I am working on a small project in Python. It is divided into two parts.

First part is responsible to crawl the web and extract some infromation and insert them into a database.

Second part is resposible for presenting those information with use of the database. Both parts share the database. In the second part I am using Flask framework to display information as html with some formatting, styling and etc. to make it look cleaner.

Source files of both parts are in the same package, but to run this program properly user has to run crawler and results presenter separately like this :

python crawler.py

and then

python presenter.py

Everything is allright just except one thing. What I what presenter to do is to create result in html format and open the page with results in user's default browser, but it is always opened twice, probably due to the presence of run() method, which starts Flask in a new thread and things get cloudy for me. I don't know what I should do to be able to make my presenter.py to open only one tab/window after running it.

Here is the snippet of my code :

from flask import Flask, render_template
import os
import sqlite3


# configuration
DEBUG = True
DATABASE = os.getcwd() + '/database/database.db'

app = Flask(__name__)
app.config.from_object(__name__)
app.config.from_envvar('CRAWLER_SETTINGS', silent=True)



def connect_db():
    """Returns a new connection to the database."""
    try:      
        conn = sqlite3.connect(app.config['DATABASE'])
    return conn
except sqlite3.Error:
    print 'Unable to connect to the database'
    return False


@app.route('/')
def show_entries():
    u"""Loads pages information and emails from the database and
    inserts results into show_entires template.
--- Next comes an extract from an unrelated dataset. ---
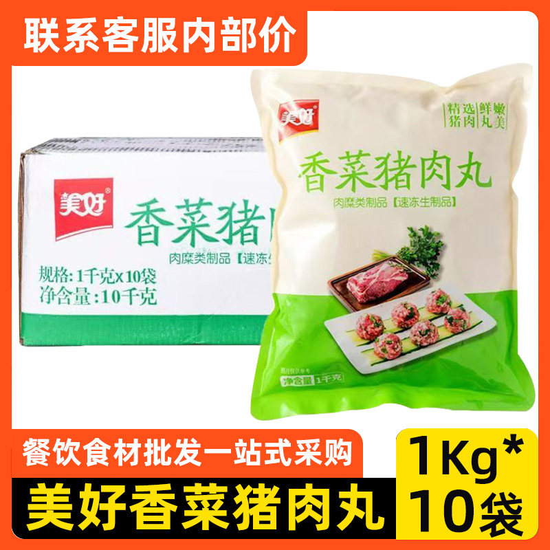 美好香菜猪肉丸子整箱商用1kg*10包速冻半成品火锅串串麻辣烫食材
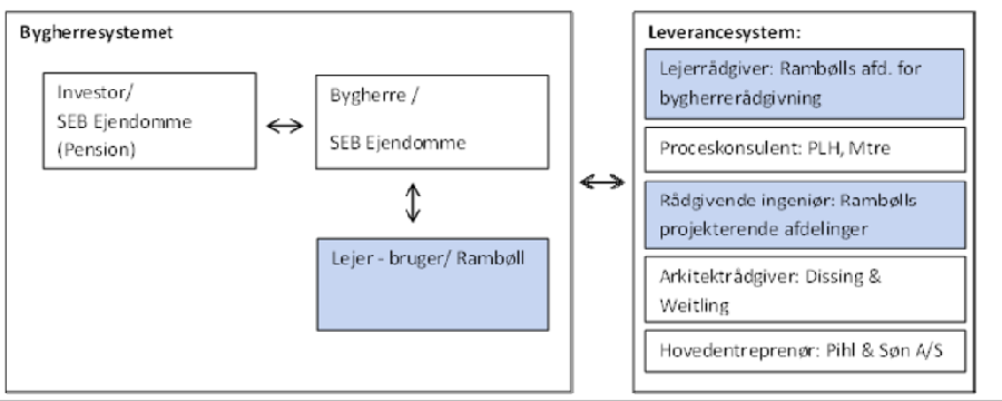 SEB Pension har været investor i projektet, mens SEB Ejendomme har været den overordnede bygherre, der har haft ansvaret for byggeriet udadtil og for de overordnede beslutninger. Rambøll Danmark har været lejer og brugerEn bruger defineres ved at være grupper af personer, som er direkte påvirket af byggeprojektet. . For at koordinere bygherrens og lejerens (Rambøll) krav og ønsker til byggeriet blev der afholdt ugentlige projektledelsesmøder, hvor Rambølls lejerrådgiver deltog. Lejerrådgiveren har haft til opgave at sørge for at Rambølls visioner og prioriteringer blev opretholdt gennem projektet. Lejerrådgivningen blev varetaget af Rambølls afdeling for bygherrerådgivning, dog bistået af proceskonsulenter i både programfasenI Programfasen skal opgave og materiale kvalificeres på en sådan måde, at det danner et solidt underlag for organisering, strukturering og udførelse af byggeprojektet. og i projekteringsfasen. Samtidig med at lejekontrakten mellem SEB Ejendomme og Rambøll blev underskrevet (maj 2006), havde Rambøll en drøftelse med SEB Ejendomme om, hvordan byggeriet skulle gennemføres. Det blev besluttet på Rambølls opfordring at gennemføre det som partnering, hvor både arkitekt og entreprenør blev involveret i projektet fra starten. Rambøll skulle selv stå for ingeniørarbejdet. Når Rambøll foretrak partnering som samarbejds- og kontraktform var det en del af en branding af koncernen.

If there is a database
    problem returns error page.
    """
    conn = connect_db()


    if conn:        
    try:            
        cur = connect_db().cursor()

        results = cur.execute('SELECT url, title, doctype, pagesize FROM pages')    
        pages = [dict(url=row[0], title=row[1].encode('utf-8'), pageType=row[2], pageSize=row[3]) for row in results.fetchall()]   


        results = cur.execute('SELECT url, email from emails')
        emails = {}


        for row in results.fetchall():                
            emails.setdefault(row[0], []).append(row[1])                

        return render_template('show_entries.html', pages=pages, emails=emails)

    except sqlite3.Error, e:
        print ' Exception message %s ' % e
        print 'Could not load data from the database!'
        return render_template('show_error_page.html')


else:
    return render_template('show_error_page.html')        


if __name__ == '__main__':
    url = 'http://127.0.0.1:5000'
    webbrowser.open_new(url)
    app.run()

Answer 1

I use similar code on Mac OS X (with Safari, Firefox, and Chrome browsers) all the time, and it runs fine. Guessing you may be running into Flask's auto-reload feature. Set debug=False and it will not try to auto-reload.

Other suggestions, based on my experience:

• Consider randomizing the port you use, as quick edit-run-test loops sometimes find the OS thinking port 5000 is still in use. (Or, if you run the code several times simultaneously, say by accident, the port truly is still in use.)
• Give the app a short while to spin up before you start the browser request. I do that through invoking threading.Timer.

Here's my code:

import random, threading, webbrowser

port = 5000 + random.randint(0, 999)
url = "http://127.0.0.1:{0}".format(port)

threading.Timer(1.25, lambda: webbrowser.open(url) ).start()

app.run(port=port, debug=False)

(This is all under the if __name__ == '__main__':, or in a separate "start app" function if you like.)